Hispanics and climate change: a warning

By Thais Lopez Vogel

America dedicates the month from September 15 to October 15 to celebrating the Hispanic heritage that has contributed to the creation and consolidation of this country. It is a good time to remind ourselves of a little-known truth: the states most affected by climate change are the ones with the largest Hispanic populations. These are California, Texas, Florida, New York and Arizona, according to the Office of Minority Health, US Department of Health and Human Services. 

All these states appear on lists of those hit the hardest by weather events such as hurricanes, floods, wildfires, droughts or water and air pollution. 

In addition, Latin American migration to the United States has a new component: individuals who leave their countries of origin due to disasters linked to climate change. 

Between 1998 and 2020, climatic and geophysical phenomena caused 312,000 deaths and directly affected more than 277 million people in Latin America and the Caribbean, according to the report on the state of the climate by the World Meteorological Organization (WMO).

Meanwhile, the International Organization for Migration reported that, in interviews with migrants stranded in different cities along the border between Mexico and the United States, “what they all have in common is that they lost everything due to the hurricanes”. A testimony that establishes the direct relationship between migration and climate change. 

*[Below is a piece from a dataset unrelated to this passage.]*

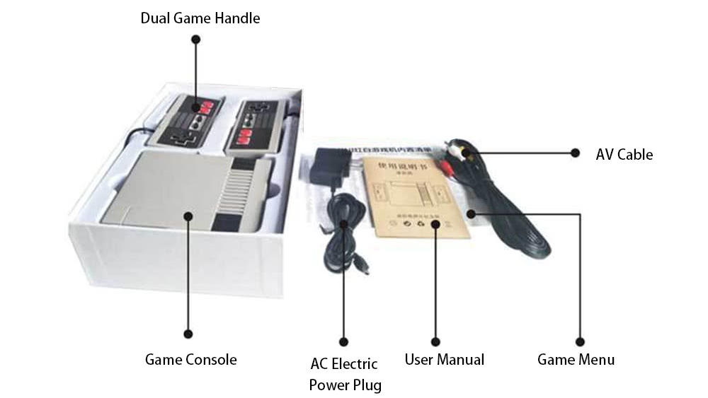 În primul rând trebuie știut că la bordul acestei mini-console avem un număr generos de 500 jocuri clasice pe care le putem juca pe televizor. La pachet găsim și 2 gamepad-uri cu fir, un cablu de alimentare, un adaptor pentru prizele europene, manualul de utilizare și un cablu audio-video prin care vom conecta consola la televizor.

Another example of this situation is Puerto Rico, after the devastation left by Hurricane Maria. According to the Census Bureau, the island lost almost 4% of its population due to this catastrophe. Many of them joined the Puerto Rican community in Central Florida, settled there and, five years later, have managed to put down roots and move on. 

But contrary to popular belief, the U.S. Hispanic population is very aware of the climate situation and is demanding action. 

Roughly eight in ten U.S. Hispanics – 81%, to be exact – say that addressing global climate change is a top personal concern for them. This data was published by the Pew Center, based on a study they conducted on the subject.

That is why at VoLo Foundation we are dedicating a very special effort to disseminate reliable information about climate change in Spanish to our Hispanic communities in Florida. 

This Hispanic Heritage Month, we want a better present and a sustainable future for all of us. Therefore, we invite to all the Hispanics that follow us to be part of the change through action.